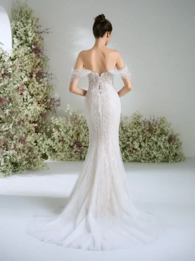 Off-Shoulder Mermaid Lace Wedding Dress with Embroidered Floral Detail
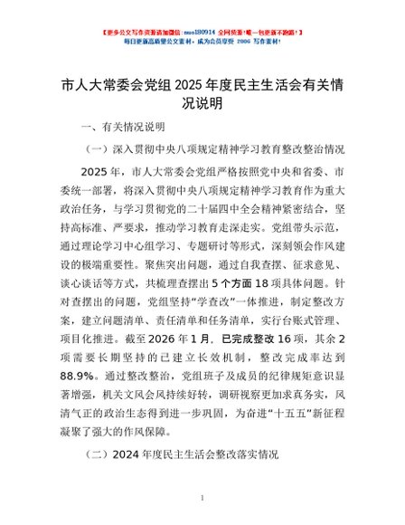 / 市人大常委会党组2025年度民主生活会有关情况说明
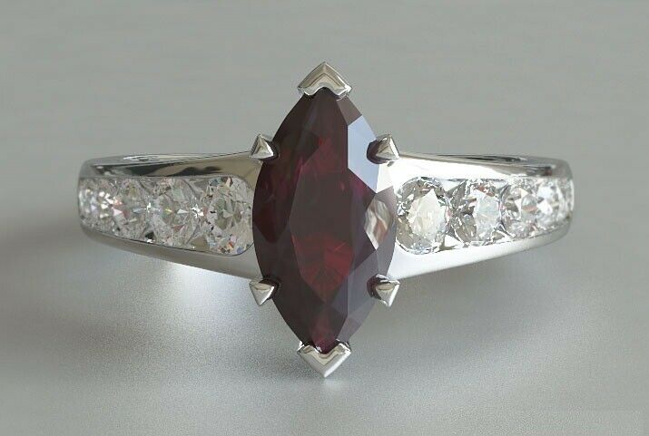 2ct Marquise Cut Pink Ruby Engagement Ring Solitaire Round Accent 14k White Gold Over

--------------------------------------------------

-- Required action --
Return each line above exactly; any pictures are to be skipped.

-- Output for this task --
 Off-Shoulder Mermaid Lace Wedding Dress with Embroidered Floral Detail
 / 市人大常委会党组2025年度民主生活会有关情况说明
 2ct Marquise Cut Pink Ruby Engagement Ring Solitaire Round Accent 14k White Gold Over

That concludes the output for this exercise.